UPSC Articles
SCIENCE & TECH / ENVIRONMENT
Topic: General Studies 3:
- Science and Technology- developments and their applications and effects in everyday life.
- Conservation, environmental pollution and degradation
Technology and Conservation: Elephants counted from Space
Context: Scientists are using very high-resolution satellite imagery to count and detect wildlife species, including African elephants.
A team of researchers from the University of Oxford Wildlife Conservation Research Unit and Machine Learning Research Group detected elephants in South Africa from space using Artificial Intelligence with an accuracy that they have compared to human detection capabilities.
So, how did scientists track the elephants?
- Earlier Methodology relied on manned aircrafts: Before researchers developed the new technique, one of the most common survey methods to keep a check on elephant populations in savannah environments involved aerial counts undertaken from manned aircraft.
- Limitations of earlier method: However, this method does not deliver accurate results since observers on aircraft are prone to get exhausted, are sometimes hindered by poor visibility and may even succumb to bias. Further, aerial surveys are costly and logistically challenging.
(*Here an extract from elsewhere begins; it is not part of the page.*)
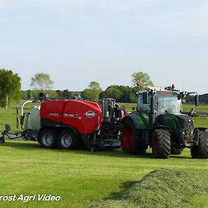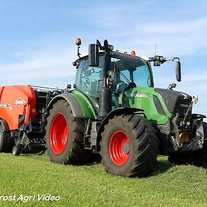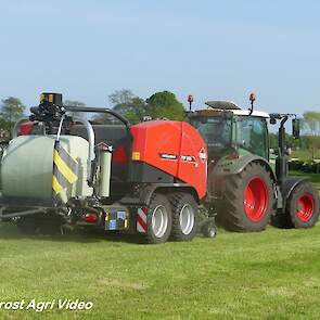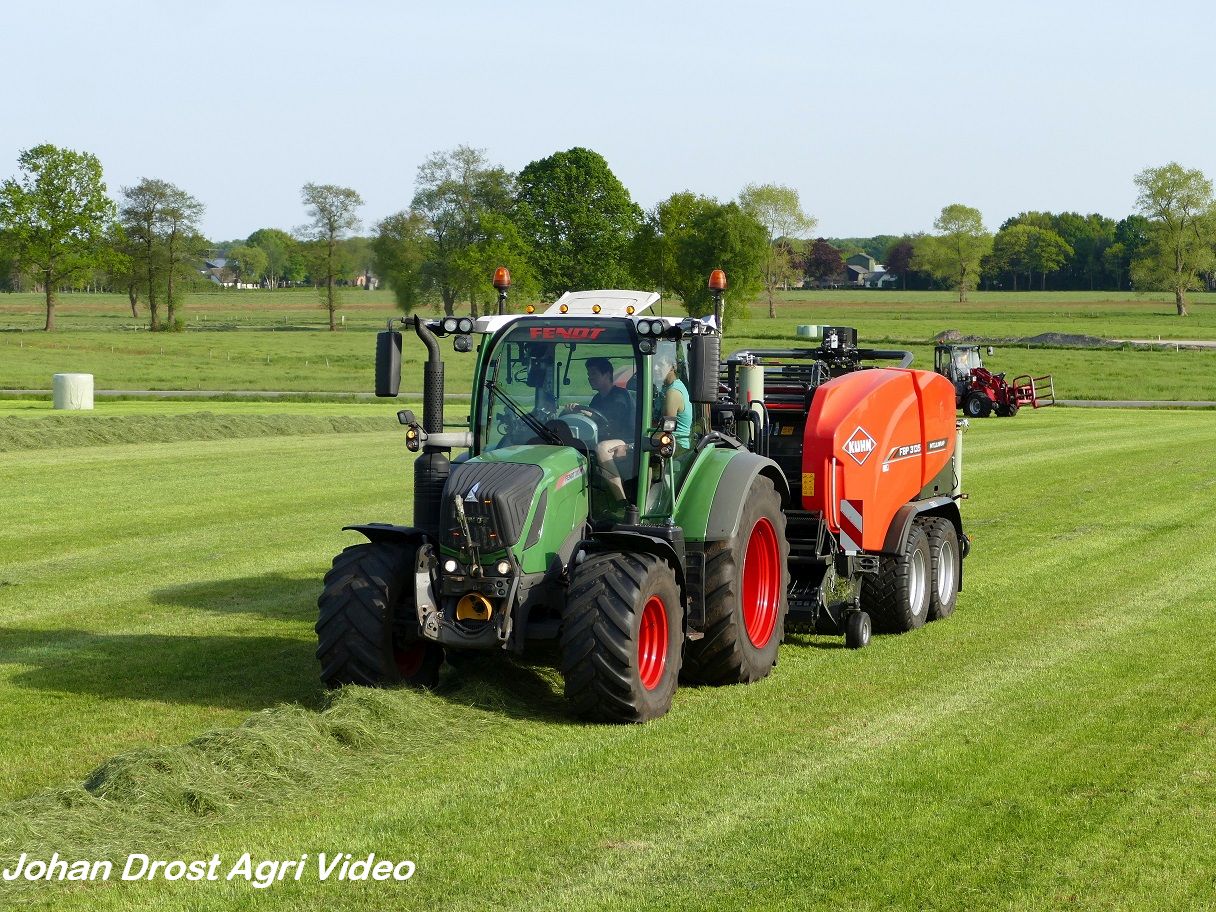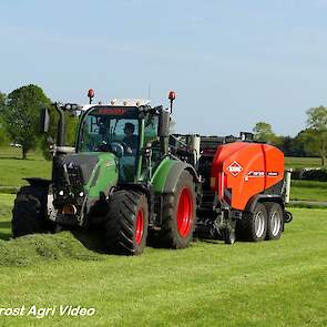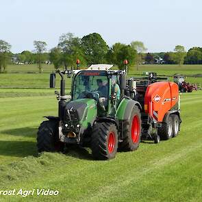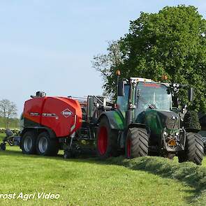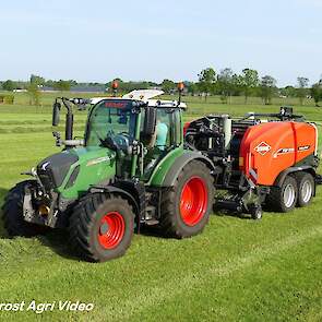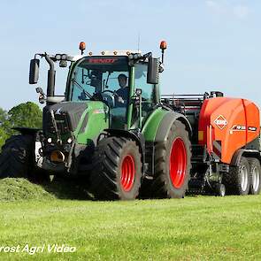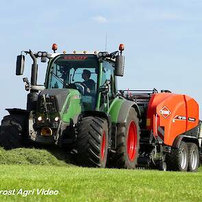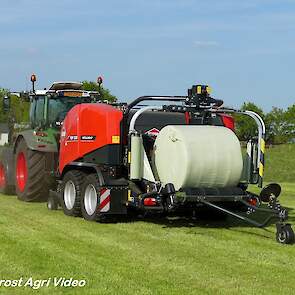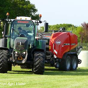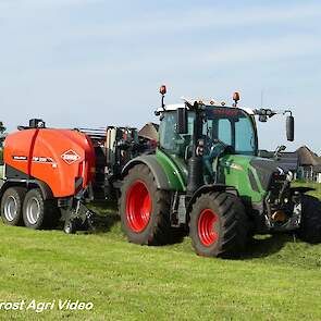 Bloemendal Dienstverlening uit Elspeet (GD) aan het ronde balen persen en wikkelen met een Fendt 313 Vario en een nieuwe Kuhn FBP 3135 Intelliwrap pers-wikkelcombinatie.

- Satellites Imagery Utilized: To test the new method, researchers chose the Addo Elephant National Park in South Africa, which has a high concentration of elephants. Researchers used the highest resolution satellite imagery currently available, called Worldview3.
- Leveraging Artificial Intelligence Technology: At first, the satellite images appear to be of grey blobs in a forest of green splotches – but, on closer inspection, those blobs are revealed as elephants wandering through the trees. And all the laborious elephant counting is done via machine learning – a computer algorithm trained to identify elephants in a variety of backdrops.
Significance of using Satellite & AI Technology in counting Elephants
- Accurate Count improves Conservation: In order to conserve the species, it is important for scientists to track elephant populations. This is because inaccurate counts can lead to misallocation of conservation resources, which are already limited and have resulted in misunderstanding population trends.
- Helps arrest Declining Population: The population of African elephants has plummeted over the last century due to poaching, retaliatory killing from crop-raiding and habitat fragmentation. The scientists say better counting & monitoring could be used in anti-poaching work.
- Useful in International borders: This approach of using satellites and AI could vastly improve the monitoring of threatened elephant populations in habitats that span international borders, where it can be difficult to obtain permission for aircraft surveys.
- Cost effective: Scientists used satellite imagery that required no ground presence to monitor the elephants. The breakthrough could allow up to 5,000 sq km of elephant habitat to be surveyed on a single cloud-free day.
- Suited in Pandemic Situation: Also since these images are captured from space, there is no need for anyone on the ground, which is particularly helpful during these times of coronavirus
Did You Know?
- But, this is not the first study of its kind to initiate tracking of elephants using satellites. In 2002, Smithsonian scientists started using geographic information systems (GIS) technology to understand how they could conserve Asian elephants.
- At the time, scientists launched the first satellite-tracking project on Asian elephants in Myanmar.